Therapy with her meant withstanding a torrent of fury about the unfairness of life. She blamed the doctors, the laxity of modern society (the England she had returned to was such a different place from the one she had left), the insurance companies, the Government - everyone. She agreed reluctantly to try not to kill herself, although she continued to insist that life without her husband was futile and meaningless. Contrary to expectation, exploring her childlessness, of which the GP's summons had reminded her, did not lead to feelings of sadness about her lack of children. Instead she revealed how she, unlike her husband, had never wanted children since she feared that this would divert his care and attention from her, as she felt had happened with her mother in her family (she, like Bowlby's mother, was the oldest of six) when her younger siblings were born. A history of excessive dependency and exclusive monotropism is a significant predisposing factor towards prolonged grief reactions (Parkes 1975).

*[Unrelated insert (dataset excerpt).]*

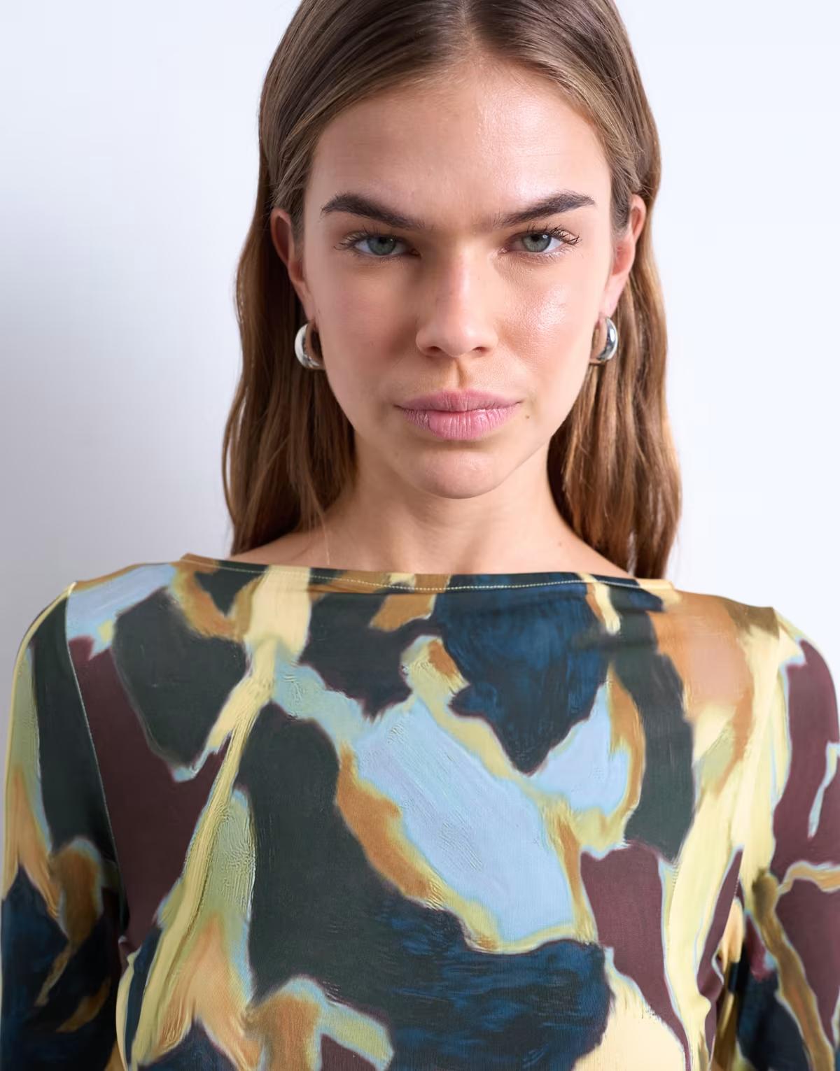This top is crafted from soft, stretchy jersey and features an abstract print. It has a round neck, long sleeves and is cut with a slim fit.
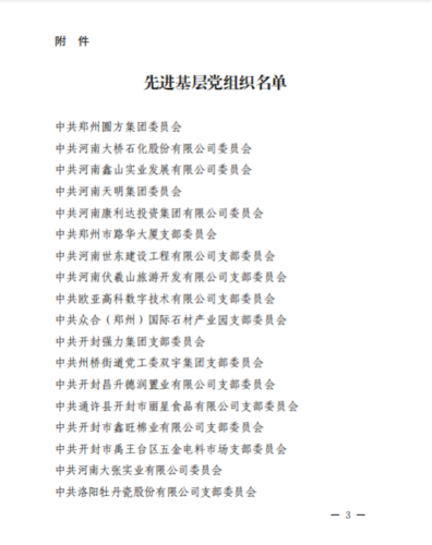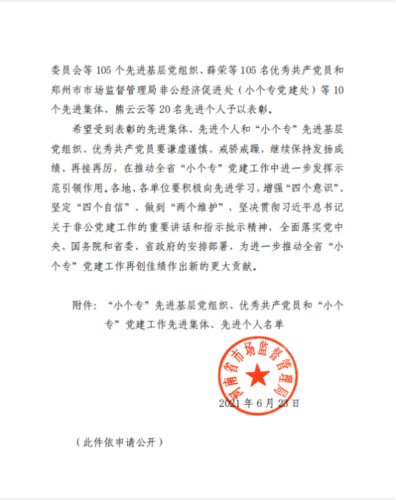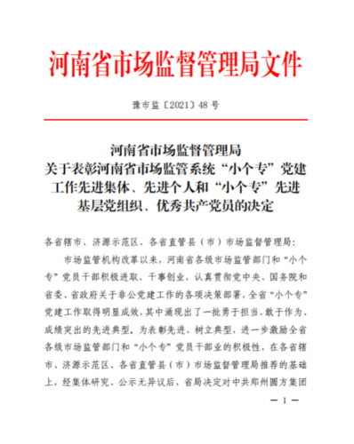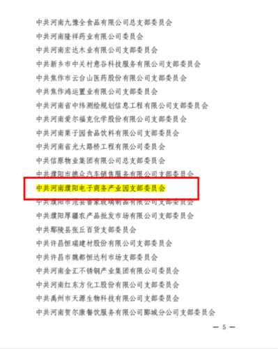 2021年6月23日,河南省市场监督管理局印发《关于表彰河南省市场监管系统“小个专”党建工作先进集体、先进个人和“小个专”先进基层党组织、优秀共产党员的决定》(豫市监〔2021〕48号),河南濮阳电子商务产业园党支部获评省级“先进基层党组织”荣誉称号。

Stages 3 and 4: disorganisation and despair: reorganisation
The diagram of the attachment relationship (Figure 4. 1) shown in the previous chapter depicted a dynamic equilibrium between
Loss, anger and grief 93
care-seeker and care-giver, constantly monitored, quiescent at times of exploration, activated at times of stress. Bowlby (1980) likens the shock of loss to a see-saw in which one person is suddenly removed, and quotes C. S. Lewis on his widowerhood: 'So many roads once; now so many culs-de-sac. ' The basic dilemma of the bereaved is, as we have said, that the loss removes not only the loved one, but also the secure base to which the bereaved person would expect to turn in their hour of need.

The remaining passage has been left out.